Abstract

Dividend is the return that a shareholder gets from a company, out of its profits, on his shareholding. Equity investors receive returns in two forms—dividends and capital gains. The factors that drive dividend policy of a company have been topic of extensive research for a long time now with various, sometimes even conflicting, theories trying to find some pattern in the behaviour vis-à-vis dividend payouts. The objective of the article is to find the validity of the different views on determinants of dividend policy in India and empirically prove their significance using Tobit regression model.

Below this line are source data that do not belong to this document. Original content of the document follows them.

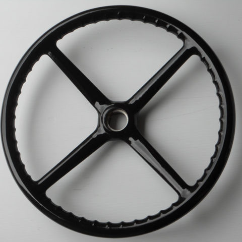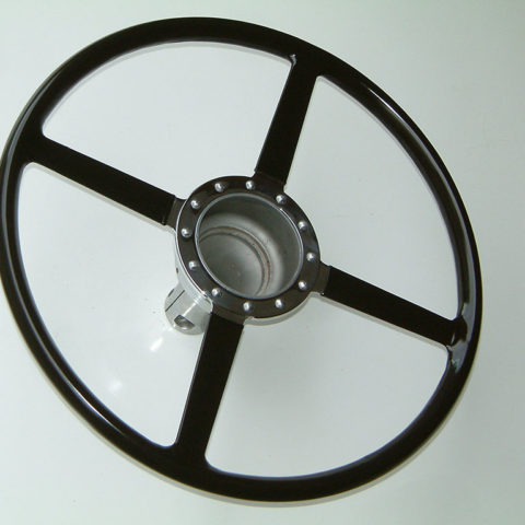 This vintage steering wheel came to us with much of the centre hub missing. We carried out major repairs and hand plasticised in black.See more
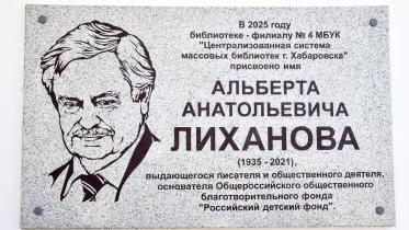 На фасаде муниципальной библиотеки-филиала № 4 в Хабаровске установлена памятная таблица в честь известного писателя и общественного деятеля Альберта Лиханова. В этом году отмечается 90-летие со дня его рождения. Мемориальную доску открыл глава города Сергей Кравчук.
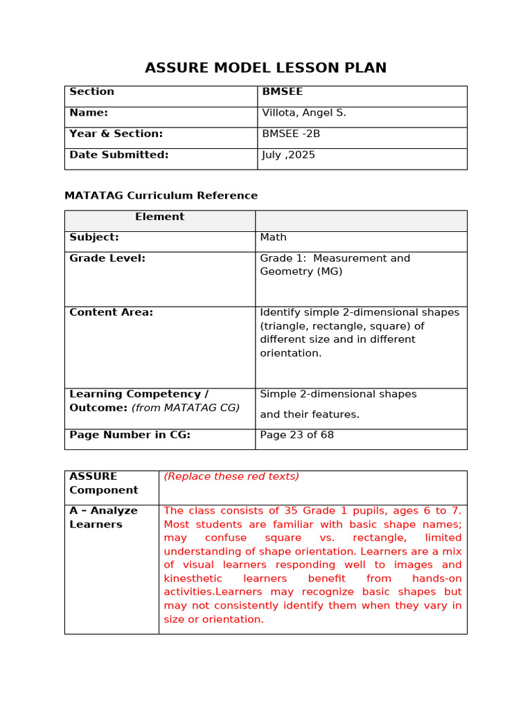 Template For ASSURE MODEL LESSON PLAN | PDF | Shape | Learning
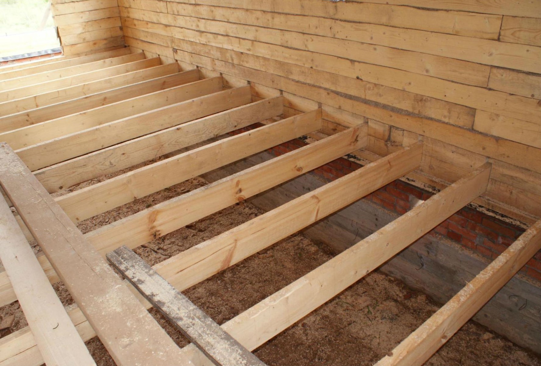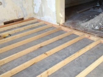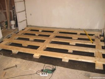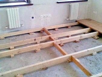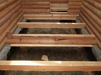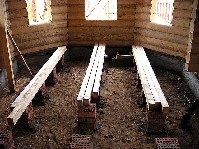 - Prepare lags. If round logs are used as lags, then it is necessary to cut one side.

We develop framework based on major theories on corporate dividends available in literature so as to examine the determinants of dividends comprehensively. The firm-level panel data of National Stock Exchange (Nifty 50) companies from 1999–2000 to 2009–2010 is taken for this purpose. Accuracy and validity of the results is ensured using various diagnostic tests and test procedures to find the best-fit models. The findings suggest that firm’s size (market capitalization) and firm’s growth and investment opportunity are significant determinants of corporate dividend policy in India. The firm’s debt structure, profitability and experience are found to be not significant in the Indian scenario and in this way the results do negate some theories. The results of the study can be used by investors to take informed decision while deciding on investments based on dividend yield for Nifty 50 Index companies and to predict dividend yields in future using the significant determinants.